Example DAG — nightly pipeline execution order

The graph is validated for cycles at definition time — if you introduce a circular dependency, Datavor rejects it before it ever runs. Failed jobs back off exponentially: 1m → 2m → 4m → 8m, with full visibility in cdc_status and the sync dashboard.

Upgrading to v2.5

One command. No config changes. Your existing connections, scheduled jobs, and Context Engine knowledge are preserved.

bash

        npm install -g datavor

        # Verify

        datavor --version

        > 2.5.0 · 45 tools · 5 engines

For CDC specifically, PostgreSQL requires wal_level = logical set in your database config.
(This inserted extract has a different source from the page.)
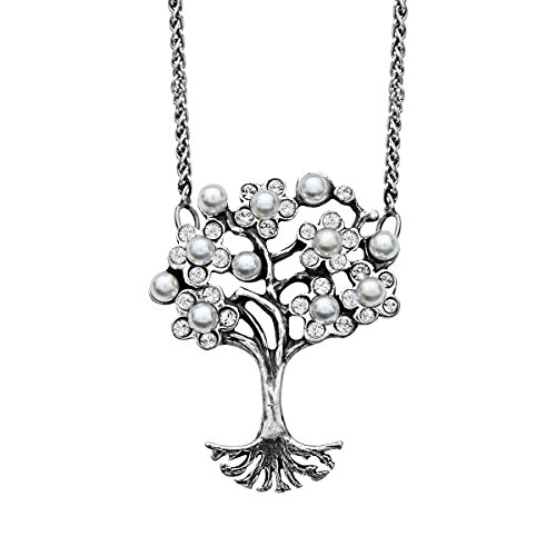 Van Kempen strikes a harmonious balance between Art Nouveau splendor and refined craftsmanship. This necklace features a charming tree of love crafted in sterling silver with blooms of luminous simulated shell pearls and twinkling Swarovski crystals. Piece measures 1 1/4 inches by 7/8 inches with a total length of 15 3/4 inches. Pearls have been bleached to enhance their appearance.Feature

MySQL requires binlog_format = ROW. Datavor's start_cdc tool checks both prerequisites and tells you exactly what to change if they're missing.

What's coming in v3.0

The next milestone brings a local visual web dashboard at localhost:3000 — a full-screen view of your pipelines, DAG graphs, sync history, and suggestion feed, without needing Claude Desktop open. We're also planning dbt integration and expanded connectors including MongoDB and BigQuery.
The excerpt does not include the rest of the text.